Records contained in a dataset
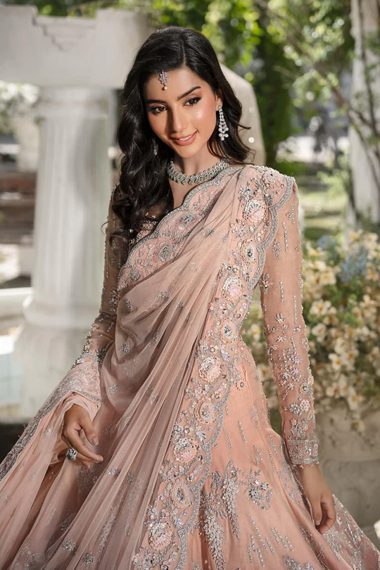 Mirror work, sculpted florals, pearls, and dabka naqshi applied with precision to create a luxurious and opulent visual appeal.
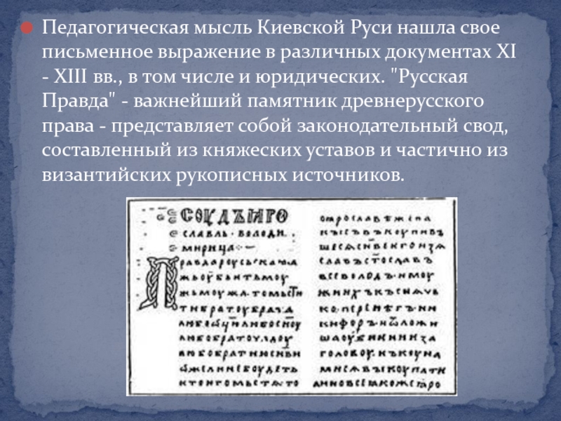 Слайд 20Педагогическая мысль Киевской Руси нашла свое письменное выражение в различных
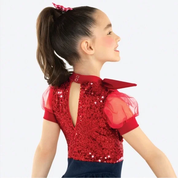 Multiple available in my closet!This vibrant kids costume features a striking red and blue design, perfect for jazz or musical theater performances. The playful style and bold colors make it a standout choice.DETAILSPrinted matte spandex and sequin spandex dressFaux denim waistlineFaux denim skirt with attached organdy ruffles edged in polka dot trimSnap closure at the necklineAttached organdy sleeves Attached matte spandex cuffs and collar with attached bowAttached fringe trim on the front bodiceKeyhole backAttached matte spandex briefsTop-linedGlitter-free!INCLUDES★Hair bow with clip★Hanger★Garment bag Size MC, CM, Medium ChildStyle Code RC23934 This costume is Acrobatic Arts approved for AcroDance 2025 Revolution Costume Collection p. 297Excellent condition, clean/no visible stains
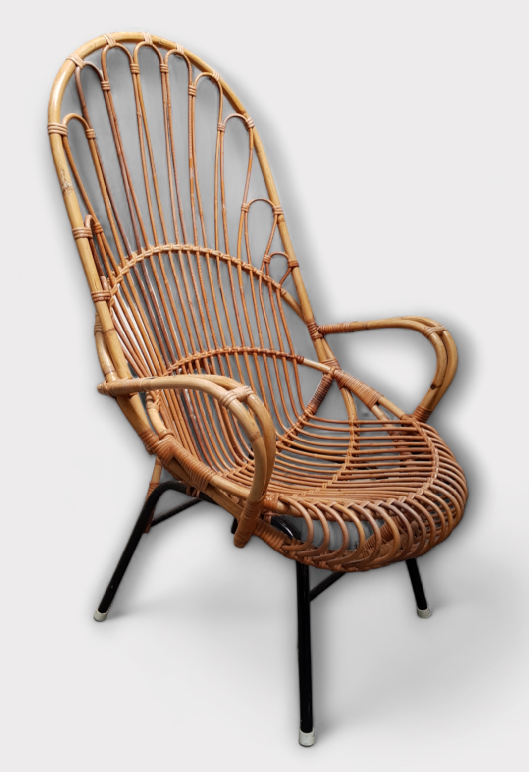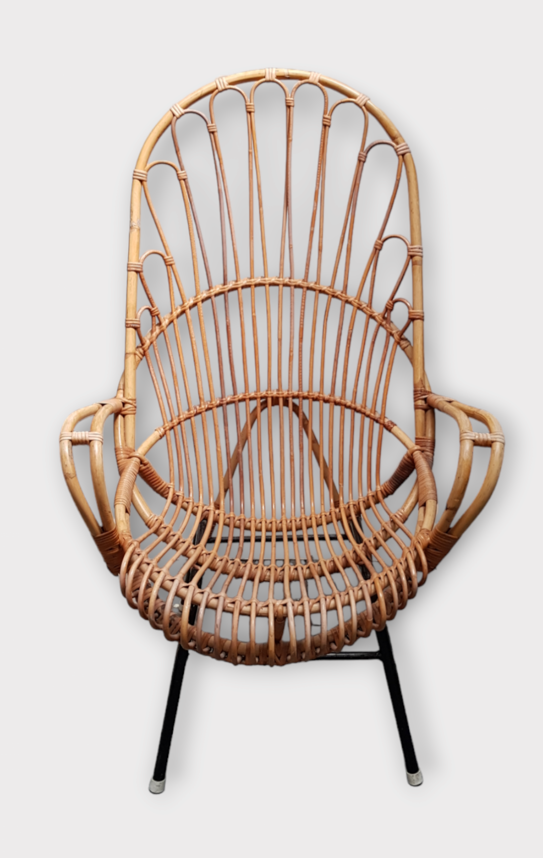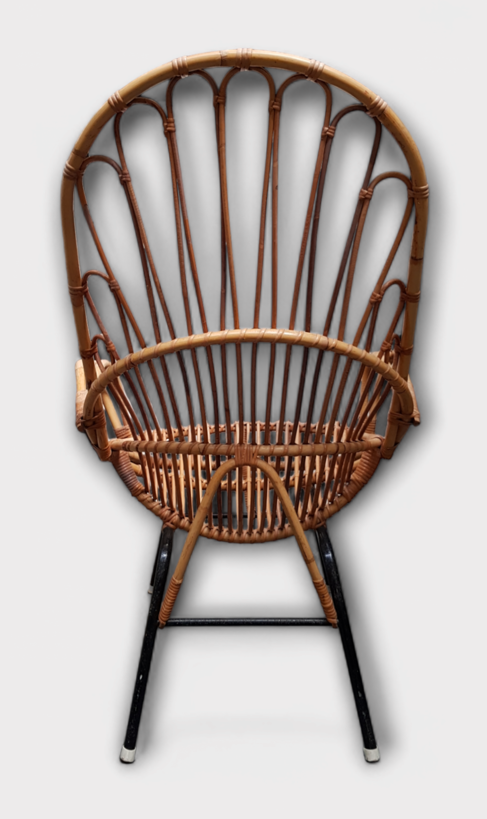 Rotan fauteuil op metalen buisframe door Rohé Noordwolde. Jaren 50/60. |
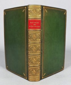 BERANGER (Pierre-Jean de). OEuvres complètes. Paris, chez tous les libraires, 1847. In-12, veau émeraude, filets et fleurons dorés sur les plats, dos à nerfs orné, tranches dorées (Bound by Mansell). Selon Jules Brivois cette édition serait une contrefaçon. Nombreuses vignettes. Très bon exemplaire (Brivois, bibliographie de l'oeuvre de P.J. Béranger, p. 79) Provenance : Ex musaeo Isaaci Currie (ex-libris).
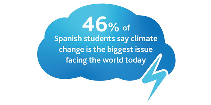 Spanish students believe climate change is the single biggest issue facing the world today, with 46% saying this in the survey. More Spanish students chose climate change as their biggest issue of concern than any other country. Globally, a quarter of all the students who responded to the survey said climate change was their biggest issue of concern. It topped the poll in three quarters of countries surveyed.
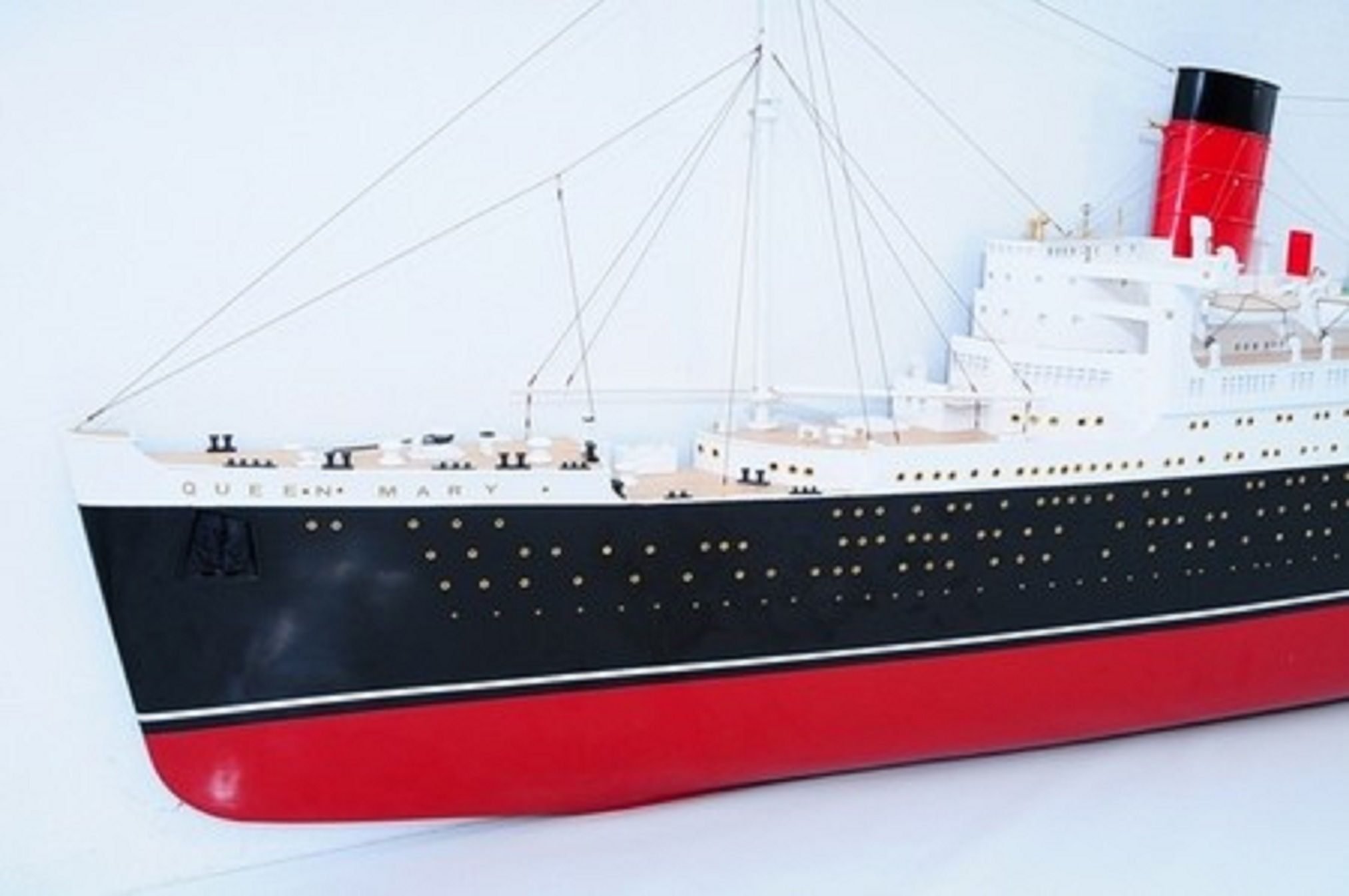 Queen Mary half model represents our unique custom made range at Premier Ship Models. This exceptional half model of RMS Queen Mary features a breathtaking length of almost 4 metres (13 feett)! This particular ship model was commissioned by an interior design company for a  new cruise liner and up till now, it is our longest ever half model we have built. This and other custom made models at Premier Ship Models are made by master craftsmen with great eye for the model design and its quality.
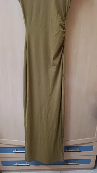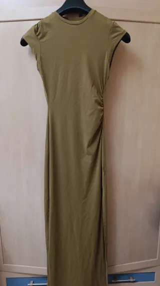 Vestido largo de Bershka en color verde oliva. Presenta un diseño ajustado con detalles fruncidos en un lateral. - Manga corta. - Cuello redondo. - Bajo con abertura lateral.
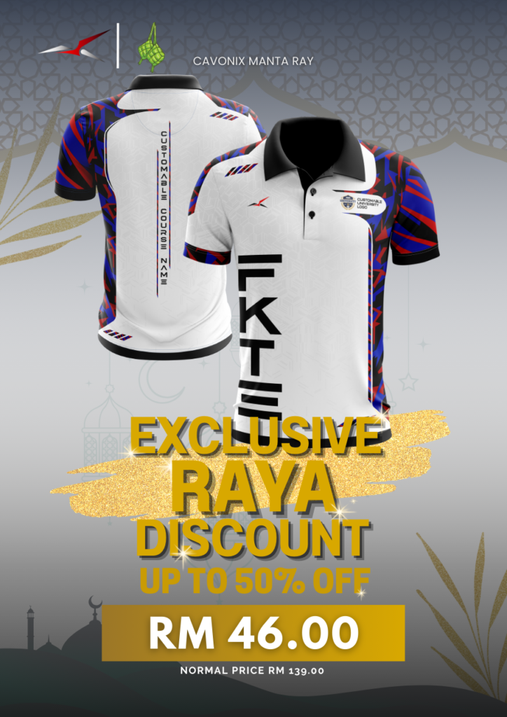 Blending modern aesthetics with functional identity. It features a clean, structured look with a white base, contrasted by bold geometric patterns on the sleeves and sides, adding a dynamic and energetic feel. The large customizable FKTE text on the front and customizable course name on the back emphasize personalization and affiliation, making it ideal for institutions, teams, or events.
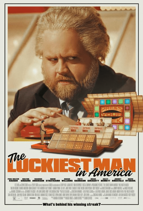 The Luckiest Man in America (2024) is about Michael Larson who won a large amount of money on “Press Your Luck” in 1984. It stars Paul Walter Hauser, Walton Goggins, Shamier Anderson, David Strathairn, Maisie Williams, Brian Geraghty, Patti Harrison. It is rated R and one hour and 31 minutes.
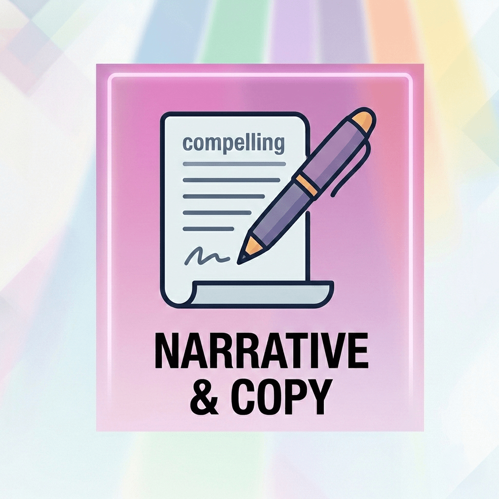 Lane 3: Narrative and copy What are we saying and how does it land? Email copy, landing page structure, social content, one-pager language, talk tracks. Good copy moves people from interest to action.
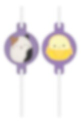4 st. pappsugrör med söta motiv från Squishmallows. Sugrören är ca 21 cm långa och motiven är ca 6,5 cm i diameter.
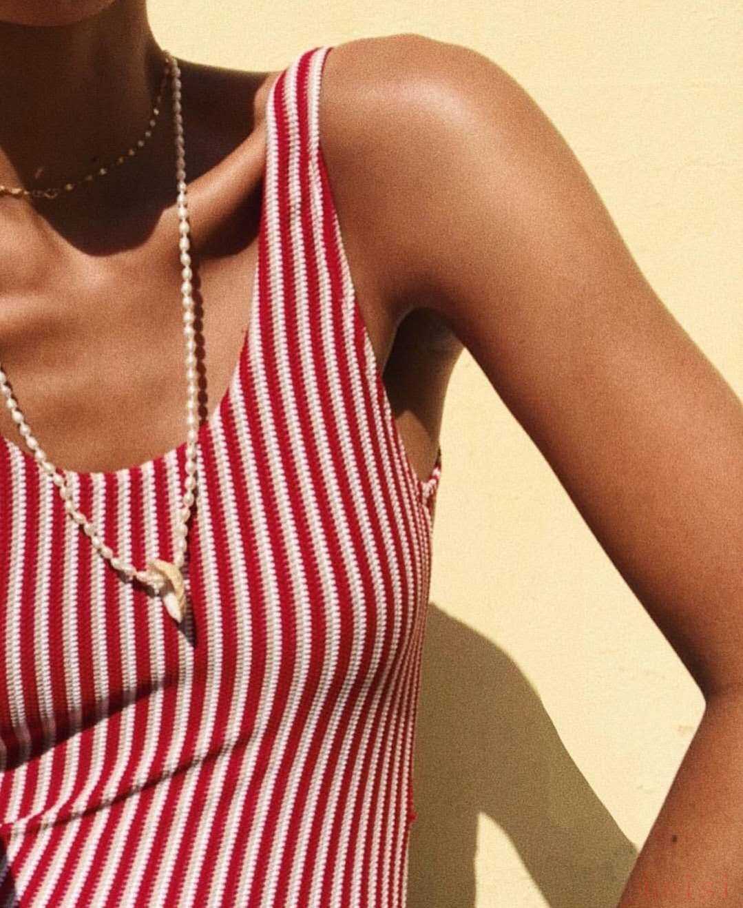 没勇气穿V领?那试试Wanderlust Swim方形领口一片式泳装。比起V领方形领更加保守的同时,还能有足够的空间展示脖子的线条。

Aim of the task: The data should be printed again unchanged; leave its pictures out.

Exercise answer:
 Mirror work, sculpted florals, pearls, and dabka naqshi applied with precision to create a luxurious and opulent visual appeal.
 Слайд 20Педагогическая мысль Киевской Руси нашла свое письменное выражение в различных
 Multiple available in my closet!This vibrant kids costume features a striking red and blue design, perfect for jazz or musical theater performances. The playful style and bold colors make it a standout choice.DETAILSPrinted matte spandex and sequin spandex dressFaux denim waistlineFaux denim skirt with attached organdy ruffles edged in polka dot trimSnap closure at the necklineAttached organdy sleeves Attached matte spandex cuffs and collar with attached bowAttached fringe trim on the front bodiceKeyhole backAttached matte spandex briefsTop-linedGlitter-free!INCLUDES★Hair bow with clip★Hanger★Garment bag Size MC, CM, Medium ChildStyle Code RC23934 This costume is Acrobatic Arts approved for AcroDance 2025 Revolution Costume Collection p. 297Excellent condition, clean/no visible stains
 Rotan fauteuil op metalen buisframe door Rohé Noordwolde. Jaren 50/60. |
 BERANGER (Pierre-Jean de). OEuvres complètes. Paris, chez tous les libraires, 1847. In-12, veau émeraude, filets et fleurons dorés sur les plats, dos à nerfs orné, tranches dorées (Bound by Mansell). Selon Jules Brivois cette édition serait une contrefaçon. Nombreuses vignettes. Très bon exemplaire (Brivois, bibliographie de l'oeuvre de P.J. Béranger, p. 79) Provenance : Ex musaeo Isaaci Currie (ex-libris).
 Spanish students believe climate change is the single biggest issue facing the world today, with 46% saying this in the survey. More Spanish students chose climate change as their biggest issue of concern than any other country. Globally, a quarter of all the students who responded to the survey said climate change was their biggest issue of concern. It topped the poll in three quarters of countries surveyed.
 Queen Mary half model represents our unique custom made range at Premier Ship Models. This exceptional half model of RMS Queen Mary features a breathtaking length of almost 4 metres (13 feett)! This particular ship model was commissioned by an interior design company for a  new cruise liner and up till now, it is our longest ever half model we have built. This and other custom made models at Premier Ship Models are made by master craftsmen with great eye for the model design and its quality.
 Vestido largo de Bershka en color verde oliva. Presenta un diseño ajustado con detalles fruncidos en un lateral. - Manga corta. - Cuello redondo. - Bajo con abertura lateral.
 Blending modern aesthetics with functional identity. It features a clean, structured look with a white base, contrasted by bold geometric patterns on the sleeves and sides, adding a dynamic and energetic feel. The large customizable FKTE text on the front and customizable course name on the back emphasize personalization and affiliation, making it ideal for institutions, teams, or events.
 The Luckiest Man in America (2024) is about Michael Larson who won a large amount of money on “Press Your Luck” in 1984. It stars Paul Walter Hauser, Walton Goggins, Shamier Anderson, David Strathairn, Maisie Williams, Brian Geraghty, Patti Harrison. It is rated R and one hour and 31 minutes.
 Lane 3: Narrative and copy What are we saying and how does it land? Email copy, landing page structure, social content, one-pager language, talk tracks. Good copy moves people from interest to action.
4 st. pappsugrör med söta motiv från Squishmallows. Sugrören är ca 21 cm långa och motiven är ca 6,5 cm i diameter.
 没勇气穿V领?那试试Wanderlust Swim方形领口一片式泳装。比起V领方形领更加保守的同时,还能有足够的空间展示脖子的线条。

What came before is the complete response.